Artificial graphene as a tunable Dirac material
Marco Polini, Francisco Guinea, Maciej Lewenstein, Hari C. Manoharan,, Vittorio Pellegrini

TL;DR
This paper reviews the development of artificial honeycomb lattices as tunable platforms for exploring massless Dirac quasiparticles, topological phases, and their experimental realizations across various physical systems.
Contribution
It provides a comprehensive overview of recent advances in designing and fabricating synthetic structures exhibiting Dirac physics, including semiconductor nanopatterning, molecular assembly, and ultracold atom trapping.
Findings
Demonstration of Dirac cone dispersion in photonic crystals
Observation of topologically protected edge states
Tunable properties of artificial graphene structures
Abstract
Artificial honeycomb lattices offer a tunable platform to study massless Dirac quasiparticles and their topological and correlated phases.
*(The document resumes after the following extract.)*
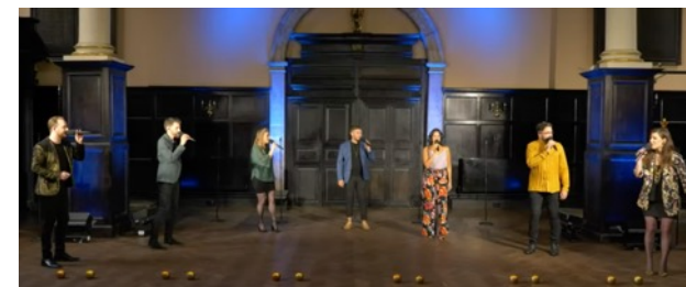
Badinerie Johann Sebastian Bach

Here we review recent progress in the design and fabrication of such synthetic structures focusing on nanopatterning of two-dimensional electron gases in semiconductors, molecule-by-molecule assembly by scanning probe methods, and optical trapping of ultracold atoms in crystals of light. We also discuss photonic crystals with Dirac cone dispersion and topologically protected edge states. We emphasize how the interplay between single-particle band structure engineering and cooperative effects leads to spectacular manifestations in tunneling and optical spectroscopies.